6 months ago, I accepted a challenge to make a independent agent system in Rust. This sounded very interesting to me and you can read more about it on it’s own project page agent-tag. I got it working, which was nice, but there was still this lingering thought that left me unsatisfied.

The issue

I had issues with very basic principles while using pointers. I have a Vec<Agents>, but every single Agent wats to have a link to the parent Vec also. I made it work with weak links. Luckily I found this excellent page in the Rust Book that perfectly describes this issue. You get a stack overflow, a reference cycle, if a child references it’s own parent with just a Rc. Thanks to the Weak link, that is blind until it’s upgraded, you get the structure working. But if you than want to use it for mutation, you still can’t use a already used reference, so you have to hack around it like I did with cloning the whole state and using only its links that way. This can be seen in the example from my old code bellow with my original comments that I left there for future me.

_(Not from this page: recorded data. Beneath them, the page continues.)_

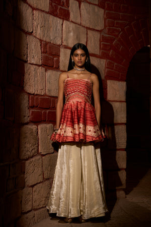 The peplum top, crafted in rich shades of vermilion and cream, showcases intricate hand-embroidered detailing with zardozi, beads, and threadwork that highlight its structured neckline and waist. The geometric and floral patterns give it a modern ethnic appeal while maintaining a traditional essence. The flared ivory tissue gold bottom in lustrous fabric balance the vibrancy of the top, adding a graceful flow to the silhouette. This outfit perfectly blends contemporary design with artisanal craftsmanship — ideal for festive gatherings, sangeet nights, or intimate celebrations.
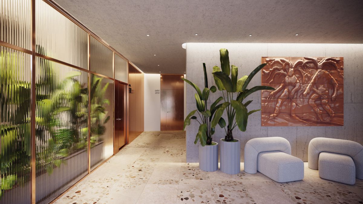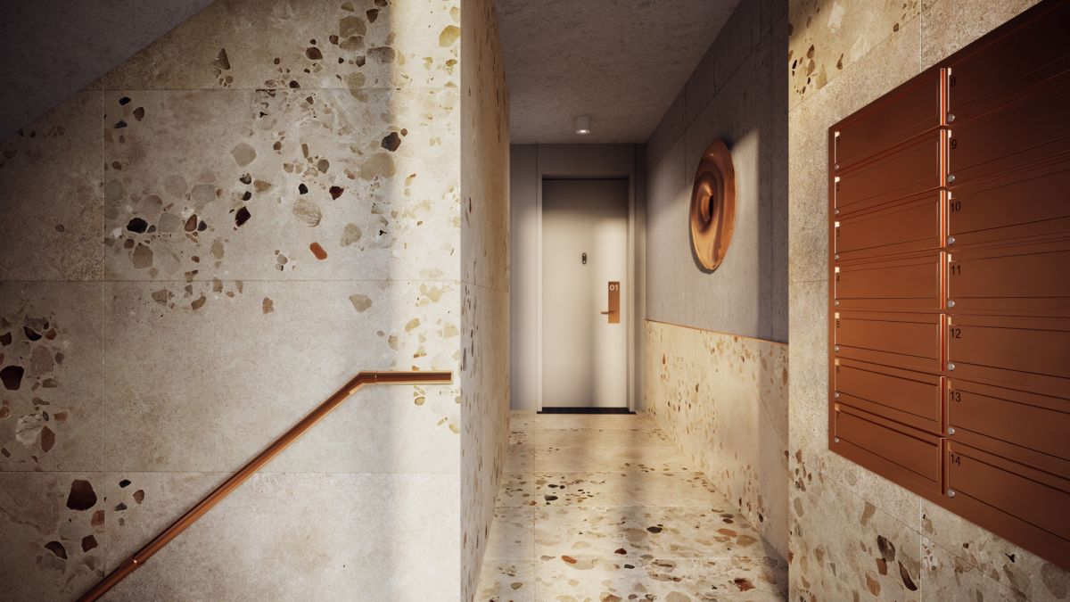 Części wspólne zaprojektowane zostały przez studio Modelina z dbałością o każdy detal - naturalne materiały (drewno, kamień, szkliwo) i stonowana paleta barw podkreślają luksusowy charakter inwestycji. Dodatkowo przestrzenie wspólne zostały wzbogacone o sztukę - w lobby mieszkańców wita autorska płaskorzeźba ceramiczna Alicji Białej, co nadaje całemu budynkowi wyjątkowy, artystyczny klimat.
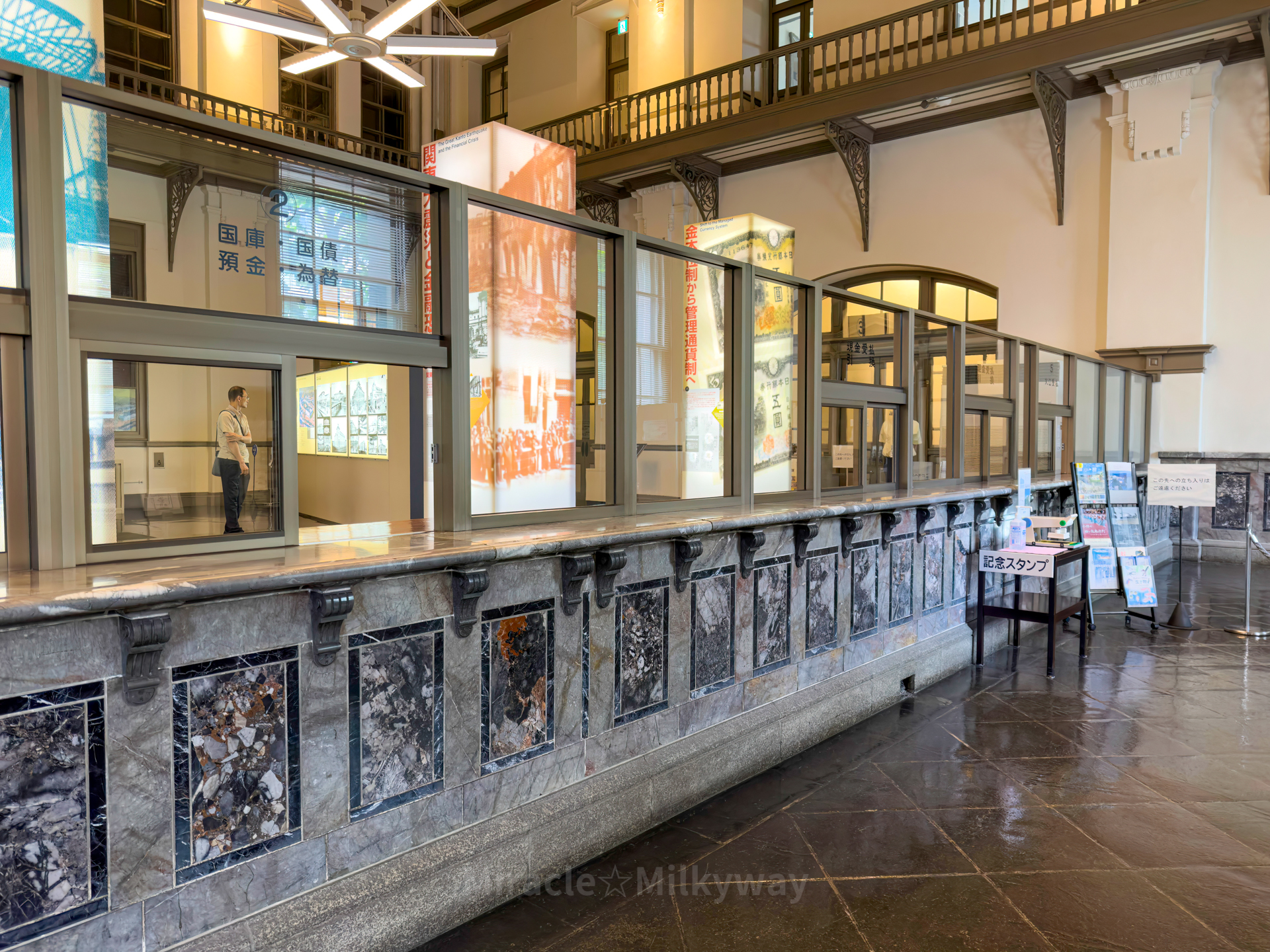 과거 영업 시 쓰이던 창구 유리가 맞이한다.
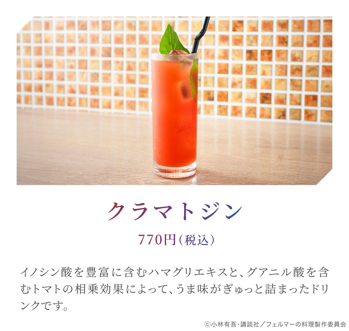 原作には登場していない「相乗効果を生むオリジナルドリンク」もご用意しました。蘭菜に振る舞われた「豚肉のミキュイ」をきっかけに、うま味の相乗効果を体得した岳。もし彼が自分の店を持つなら、料理だけでなくペアリングするドリンクにも相乗効果を求めるはず─その発想から生まれたドリンクをご用意しています。さらに、岳と海をそれぞれイメージした特別なノンアルコールカクテルも。全部で4種類のオリジナルドリンクをお楽しみいただけます。
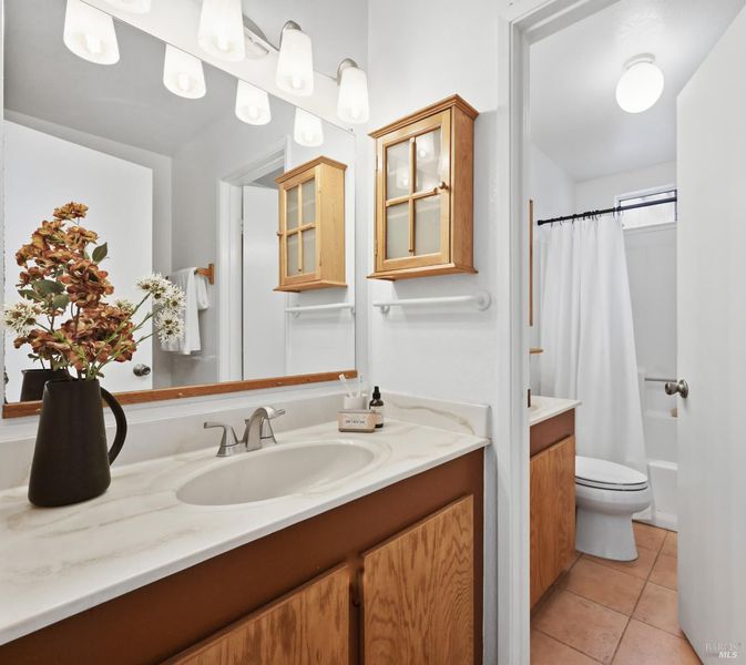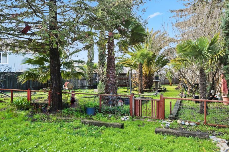 Welcome to this charming single-story home, tucked away in East Petaluma on a quiet cul-de-sac, offering privacy and a true sense of retreat. Situated on a spacious, park-like lot, the property features a stone patio with arbor, mature fruit trees, established gardens, recreational areas, and a serene outdoor setting, all perfect for relaxing or entertaining. Inside, the home offers 3 bedrooms and 1 bathroom, all on one convenient level. The cozy living room showcases vaulted ceilings, abundant natural light, and a wood-burning stove that adds warmth and character, creating the hub of the home, ideal for entertaining or quiet relaxation. The inviting atrium provides seamless indoor-outdoor living, allowing you to enjoy natural light and your private, park-like setting year-round. The kitchen features dedicated eating areas, perfect for preparing holiday meals, while outdoor entertaining shines with a covered stone patio, ideal for BBQs and chef-inspired masterpieces. Functionality and comfort continue with a two-car garage offering ample parking and storage. This special home blends comfort, privacy, and timeless charm in a highly desirable location and setting.
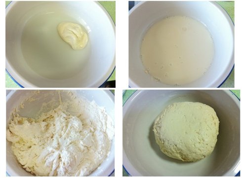 方法3:准备500g面粉,250g温水和100g白酒(或啤酒),将食材充分混合均匀,静置,利用白酒或啤酒的发酵作用进行发酵,待面团呈均匀而美丽的蜂窝状组织时即成。
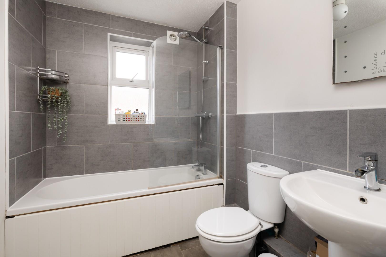 The family bathroom is stylish, comprising a three-piece suite with a panelled bath and mains shower over, low-flush WC, and pedestal wash basin, enhanced by tasteful tiled walls and a single radiator.

This later version was made with Arc<Mutex<World>> for the parent and you can just clone it to the Agents. But the proper single-thread code was with Rc<RefCell<World>> for the parent and through Rc::downgrade(world) you store it in the agents as Weak<RefCell<World>>. That’s why in this example, you access the links with just .lock(). In the single-thread case you have to use .borrow() and .borrow_mut() when working from the parent (World). And prepend it with .upgrade() when working from inside the child (Agent). It’s ironic that the single-thread syntax is a little more complicated, but it is good to know both ways.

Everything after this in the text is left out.